Employee Attrition Factors Prediction

University of Toronto Machine Intelligence Team — Sun, 12 Jun 2022 16:33:00 GMT

A UTMIST Project by Maliha Lodi, Afnan Rahman, Kevin Qu, Omer Raza Khan, Yinan Zhao, and Matthew Zhu.

Project Overview

An organization is only as good as its employees, as they provide the company with its competitive advantage. As a result, it is imperative that companies understand how to retain their top talent. Using machine learning and data analytics, this project aims to identify areas of improvement across all departments of a company by determining factors that might be responsible for employee attrition in different teams.

To this date, no automated process to predict employee attrition is known to be used by any company. Yet, organizations face large amounts of tangible and intangible costs due to high employee turnover rates. Thus, we constructed a pipeline for predicting employee attrition using machine learning. In this project, we predicted combinations of factors that may be responsible for significant employee turnover rates. We provided insights to Human Resources teams on how to increase their employee retention rate by making necessary improvements.

Dataset

The data used for this project is from the IBM HR Analytics Employee Attrition & Performance Dataset. It contains 35 categorical and numerical features for 1470 unique employees who work in one of nine different job roles, along with the information on whether they have quit or not. As the project largely depends on the predictions done by supervised learning, the labels in the dataset are crucial for this project.

Data Preprocessing

Before inputting our data into our models, we preprocessed it to allow our models to properly learn the patterns present in the data and enhance the overall performance. Our dataset contained many categorical variables, which we transformed into numerical data using one-hot encoding. We chose this specific encoding method to avoid introducing a relationship between the values of the variables; we simply wanted to convert them to a numerical format.

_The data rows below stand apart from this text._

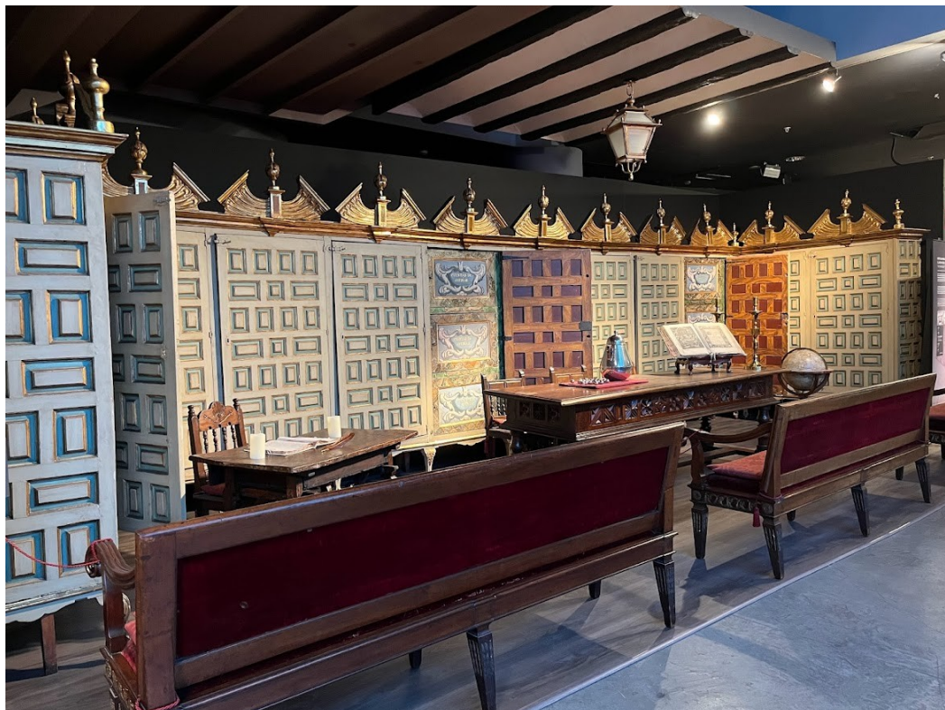
Figura 2 Armarios procedentes del Consulado (1761)

Durante los tres siglos siguientes el Consulado sería la institución encargada de regular la actividad comercial y portuaria de Bilbao y la Ría, con jurisdicción sobre la misma y con su propia normativa recogida en sus Ordenanzas. Tenía autoridad para regular, legislar y gestionar sus propios asuntos, además de traficar y formar flotas comerciales. Así mismo actuaba como Tribunal Judicial de Comercio interviniendo en la resolución de los pleitos de los mercaderes de la Villa y de aquellos que tenían tratos en Bilbao.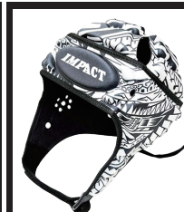
アイランドフラワー ホワイト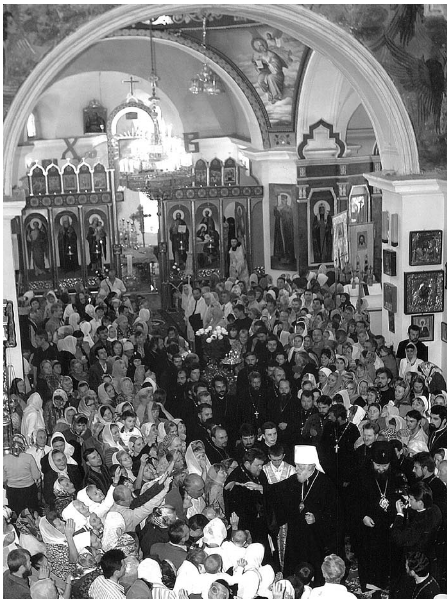
Митрополит Киевский и Всея Украины Владимир (Сабодан) в Рождество-Богородичном соборе. 2005 г.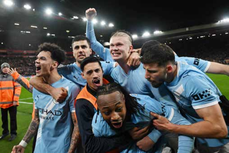
○ فرحة لاعبي سيتي بالهدف الثاني.

ورفع فريق المدرب النمساوي أوليفر غلاسنر رصيده إلى 32 نقطة في المركز الثالث عشر، محققا انتصاره الأول بعد سلسلة سلبية من ست هزائم وثلاثة تعادلات تواليا في الدوري. في المقابل، تجمد رصيد برايتون عند 31 نقطة في المركز الرابع عشر.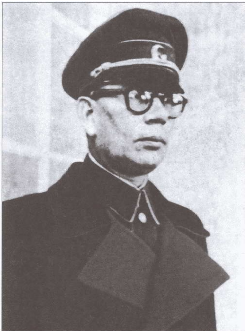
Генерал-лейтенант А.А. Власов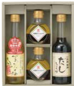
小豆島ドレッシング2本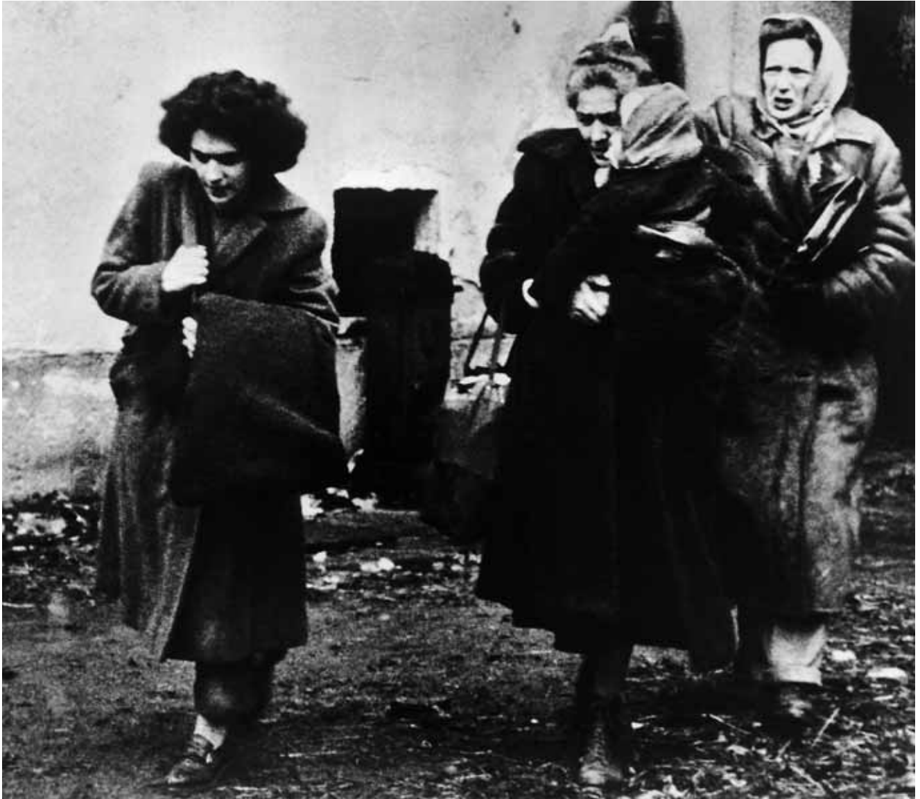
↑ NEUANKÖMMLINGE IM CAMP IN TRAIISKIRCHEN, 1956. INNERHALB VON DREI MONATEN FLOHEN 200.000 UNGARN NACH ÖSTERREICH UND JUGOSLAWIEN.

sogar Säuglinge in einem Raum. „Tränen von Győr“ und „die Hölle an der österreichischen-ungarischen Grenze“ schrieben die Zeitungen 1998 in Österreich, in Deutschland und in der Schweiz. 1 „Nochmals nach Ungarn?“, fragte ich einen jungen Asylbewerber aus dem Kosovo in der geschlossenen Gemeinschaftsunterkunft in Szombathely. „Ich werde sogar meine Enkel lehren, nie sollten sie Ungarns Erde betreten“, war seine Antwort.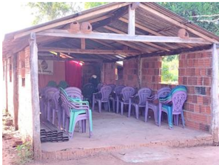
Aldeia Lagoinha, 2024.

Atualmente, cerca de 30 membros, distribuídos em 10 famílias, frequentam a igreja. O local dos cultos é construído no quintal do pastor e está em fase de construção. Os dias de culto são quarta-feira (oração), quinta-feira (louvor) e domingo (família). A liderança da igreja sempre foi e continua sendo composta por membros da comunidade terena, não oferecendo atividades para a comunidade em geral.

While initially exploring the data, we also found that our dataset was imbalanced: there were drastically more employees who did not quit their job than those who did. We used Synthetic Minority Oversampling Technique (SMOTE) to fix this problem by artificially growing the number of employees who quit. This technique was chosen as the research papers we referenced also utilized it. We also did not want to decrease the size of the dataset by deleting a certain number of rows where an employee stayed with the company in our balancing attempt.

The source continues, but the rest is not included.